Grafton Elliot Smith, the British anatomist who examined Joseph’s embalmed and well-preserved remains in 1905, put his age at the time of his death at about 60. Smith could venture a reasonable guess because the body was in such good condition that it was like Joseph had died only a few days before. But Smith was quick to add the disclaimer that, “it must be understood that the mention of such a figure is little more than guesswork”.
Smith’s caution was spot-on. For if we are to go by Egyptian records, Joseph was well beyond 60 when he died but no more than 75 years old at most. The one piece of instructive information scholars have overlooked is an inscription that was found once on Joseph’s royal funeral statuette and more than 20 times on his funerary papyrus. It says, “Holy Father of the Lord of the Two Lands”. WHAT THIS STATEMENT SUGGESTS IS THAT AT THE TIME JOSEPH DIED, HE WAS A PARENT TO THE REIGNING PHARAOH. The term “Two Lands” was an epithet for Egypt (as it comprised of Upper and Lower Egypt) and pharaohs were referred to as Lord. Was Joseph a father to a pharaoh?

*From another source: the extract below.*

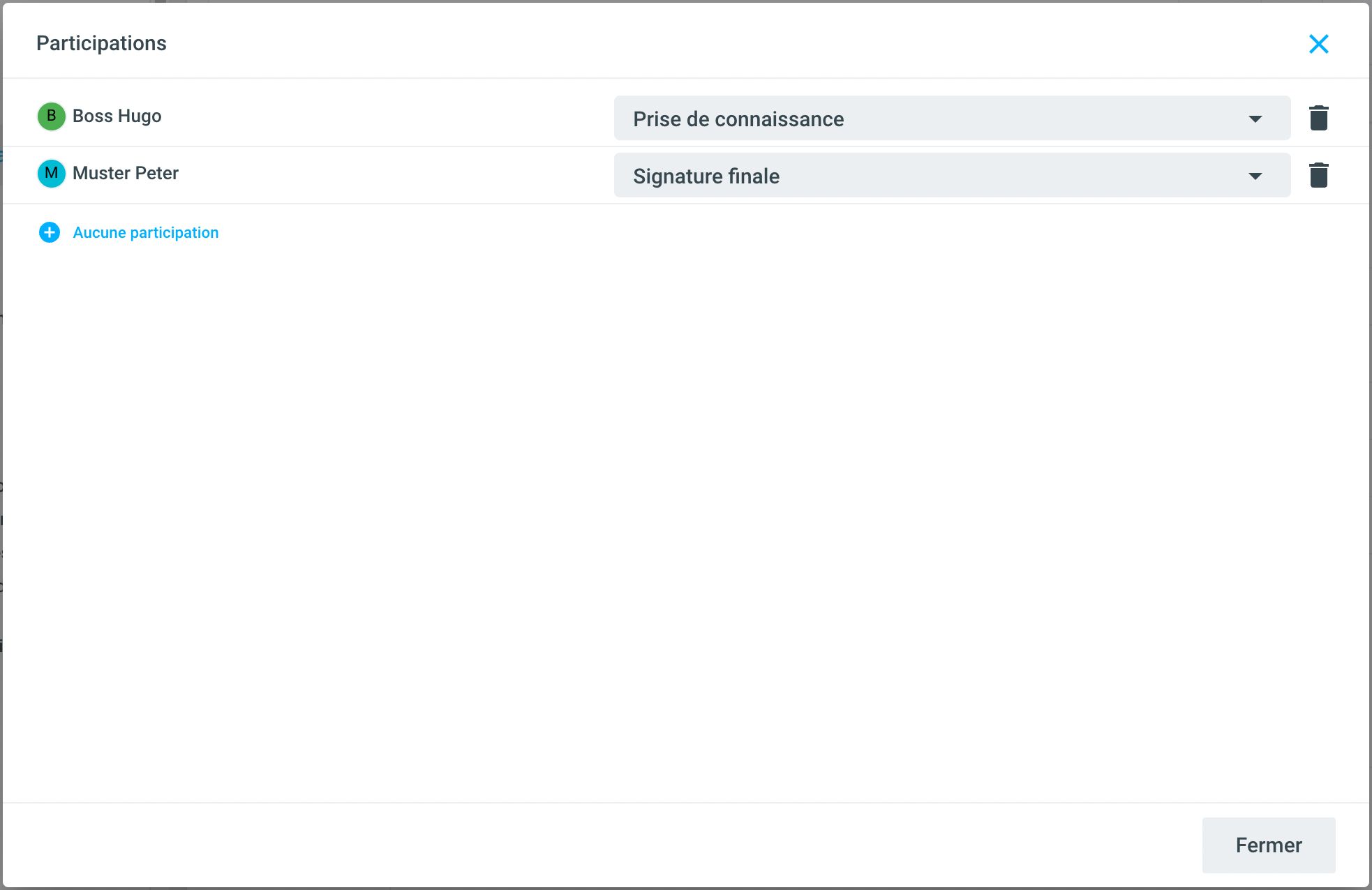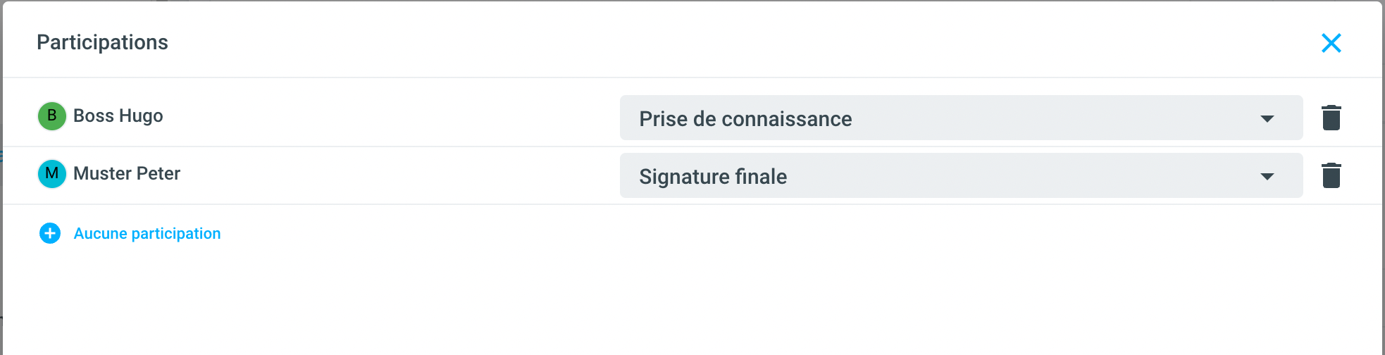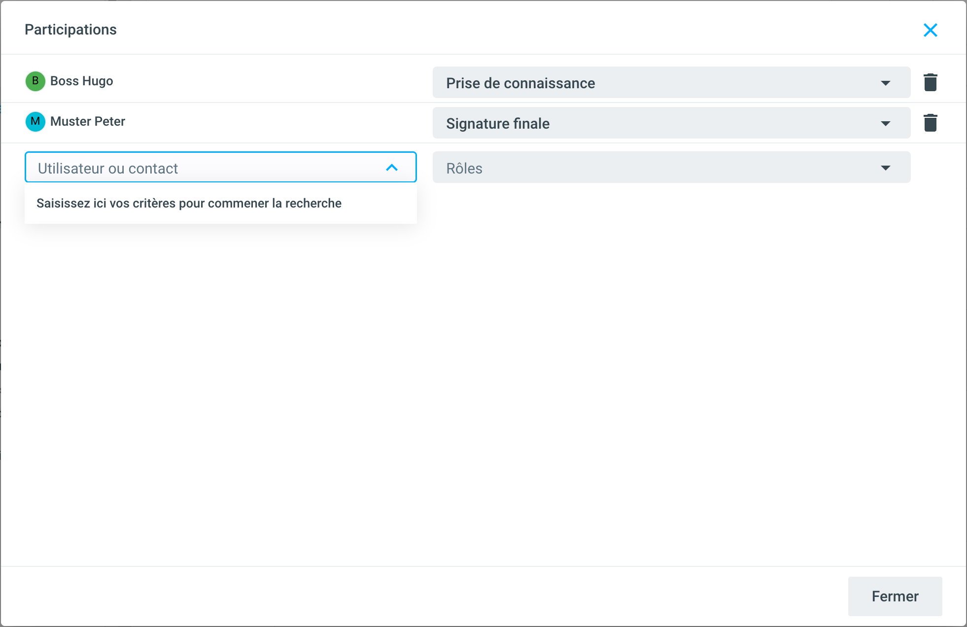 Tapez le nom souhaité et sélectionnez le rôle. Par défaut, les rôles accusé de prise de connaissance, participation et signature finale sont stockés. Cette sélection peut être étendue à volonté.

YES HE WAS. HIS SECOND-BORN SON EPHRAIM (Aye to the Egyptians) DID BECOME PHARAOH ALRIGHT, THE FOURTH FROM MOSES. With this piece of the jigsaw puzzle in place, we’re now in position to reckon the approximate age at which Joseph died. He was taken to Egypt when he was 17 and thirteen years later, at age 30, he became viceroy to Pharaoh Tuthmosis IV. The pharaoh Joseph found in office was therefore Tuthmosis IV’s predecessor, Amenhotep II, who ruled for 23 years.

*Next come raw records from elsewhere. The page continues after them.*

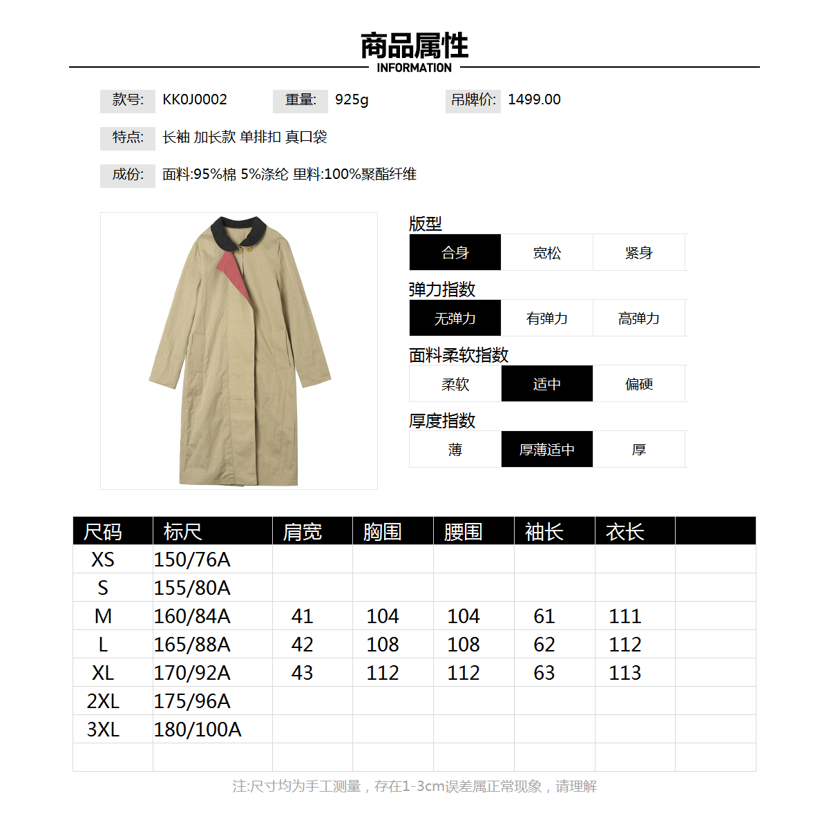常规女长款单排扣2026年春季
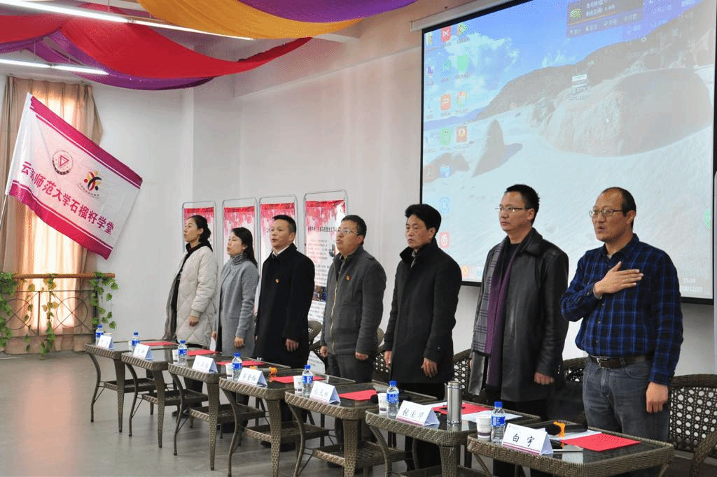2018年12月27日下午15:30,云南师范大学“石榴籽学堂”第二期开班仪式在旅游与地理科学学院(睿智五号楼)416室顺利举行。校党委组织部部长蔡金红、学生工作部(处)部(处)长杨卫国、旅游与地理科学学院党委书记张天明、校党委宣传部副部长周研、学生工作部(处)副部(处)长张国华、校团委副书记曹逸凡、学校就业处王浩、学生工作部(处)管理科努尔古丽、白宇辅导员名师工作室成员以及127名学员等参加本次开班仪式。
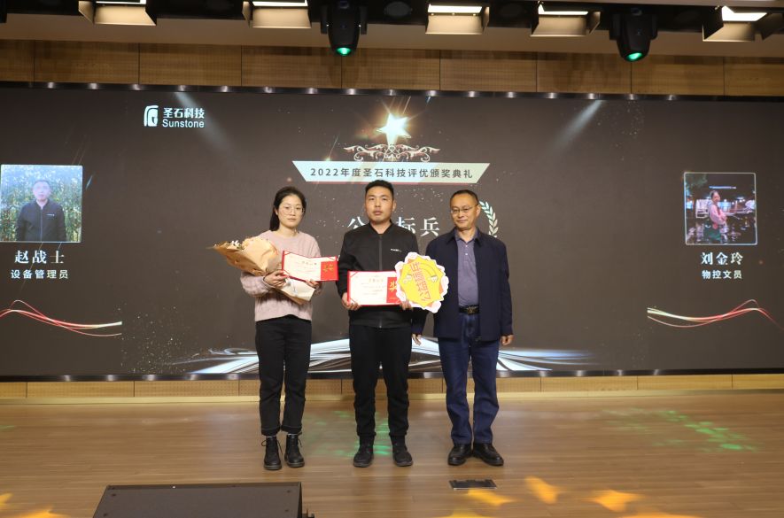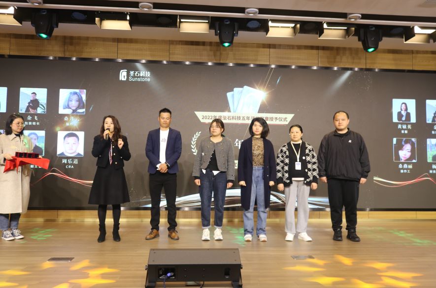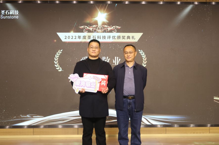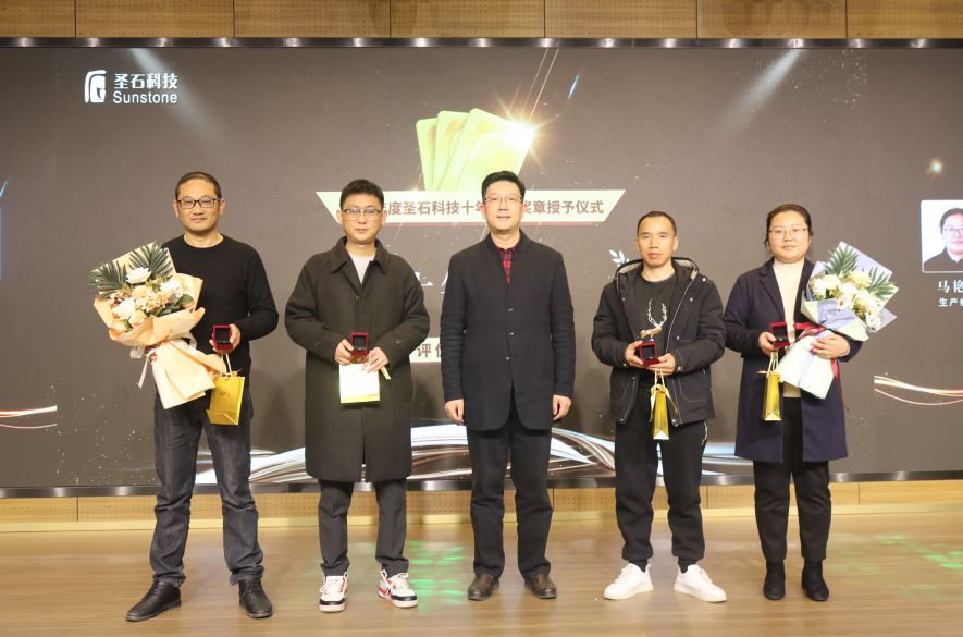 會(huì)中,總經(jīng)理石磊和副總經(jīng)理孫莎莎分別為與企業(yè)同行已滿十年及五年的老員工頒發(fā)了特別定制的金銀質(zhì)企業(yè)徽章。表彰他們一心扎根于圣石,為圣石奉獻(xiàn)了青春與年華,貢獻(xiàn)了智慧和力量。五年與十年的堅(jiān)守,不僅是他們對(duì)事業(yè)的熱愛,更是他們對(duì)圣石的認(rèn)可!

We don’t know for sure when Tuthmosis became King, but we know he ruled for about 10 years, so that when his successor Amenhotep III took over, Joseph was 40 years old. Moses, who succeeded Amenhotep III, was in power for 17 years, by which time Joseph was 57 years old. The next 3 pharaohs after Moses (all four of whom are referred to as the Armana Kings by Egyptologists) ruled for a total of 16 years. Ephraim, the very last of the Armana Kings, was in power for only 4 years.
Since Joseph died during the rule of Ephraim, he couldn’t have been more than 73 years old whilst on his death bed. The long and short of the story is therefore that Joseph was alive when Moses was pharaoh and he must have agonized to see his grandson being forced to quit the thronal seat of the world’s most powerful country of the day.
JOSEPH BURIED IN ROYAL GRAVE
When Joseph died, he was embalmed, or mummified, meaning his body was chemically preserved to guard against wasting away by way of decomposition, so that even when his body was unearthed in 1905, it looked as though he had been buried less than a week prior. Mummification was a lengthy, painstaking process. In the 5th century BC, the Greek historian Herodotus visited Egypt and wrote that it took 70 days altogether, with 40 of these days dedicated to dehydration of the body. Furthermore, mummification was a very expensive undertaking. As such, only royals, initially, and nobles later, could afford it. At some stage, well-heeled ordinary people were able to embalm their dead too.
Why was mummification deemed necessary? Writes Ahmed Osman: “From their earliest times, the Egyptians tried to preserve human as well as animal bodies after death. They believed that the spiritual element in a person leaves the body at the time of death, but would one day return provided that the body had not been destroyed. It was because of this belief that, from the early days of the Old Kingdom, they worked at developing the techniques of mummification.”
The Bible and Egyptian archives are in accord that Joseph was embalmed. Having so affirmed, the Bible then shoots itself in the foot: it says that Joseph was buried in Shechem in Canaan and that what was carried to Canaan were mere “bones” (JOSHUA 24: 32). Both these are blatant lies. We know that Joseph was buried in Egypt, in the Valley of Kings: that is incontrovertible truth since that was where the body was found.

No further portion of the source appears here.